00:12:37.540 Use methods that don't create new objects unnecessarily. For example, always prefer in-place modifications using methods like 'shift' or methods that operate line by line when processing large inputs or files.
00:13:04.900 It's also a good idea to limit the use of Active Record if you don't need to instantiate objects unnecessarily. Utilization of the 'update all' method allows you to execute a single SQL query without the overhead from Active Record object instantiation.
00:13:35.060 When handling large results, it’s advisable to read and iterate through them instead of loading them into memory as Active Record objects. For any result set over 1000 objects, consider using iterate instead to manage memory efficiently.
00:14:05.310 Additionally, careful use of objects can greatly optimize memory consumption. Several libraries can pull data that are less memory-efficient; therefore, it’s essential to evaluate their performance on memory consumption.
00:14:36.410 Now, let’s talk about tools for memory optimization. Some of the effective ones include GZ stat, which helps you understand garbage collection performance and allows you to track memory usage efficiently.
00:15:00.210 Another useful tool is the object_space module in Ruby, which provides memory usage statistics and can trace object allocations. Understanding where your memory is going is pivotal for efficient application performance.
00:15:30.210 To learn more about Ruby performance tuning, I am also working on a comprehensive book covering these topics in-depth. If you register on my website, I will share beta versions when it's completed.

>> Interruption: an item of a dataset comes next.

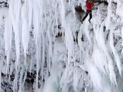 攀登高手冒生命危险征服加拿大137米冰瀑布

00:15:54.020 Now, a tool I recommend for profiling memory use is Walgreen. This tool emulates your CPU and can track memory allocations during your code execution.
00:16:20.960 Run your Ruby code through Walgreen's massive tool, which acts as a heap profiler. It traces how much memory you have allocated and at what point during execution. This can help diagnose where most memory is being consumed.
00:16:50.020 However, to analyze the output effectively, I would suggest using a visualizer tool that can illustrate memory usage over time. This will provide better insights regarding potential memory leaks.
00:17:20.650 That's all I have for now. Thank you for listening, and feel free to ask any questions.
00:28:03.669 Thank you all for your attention!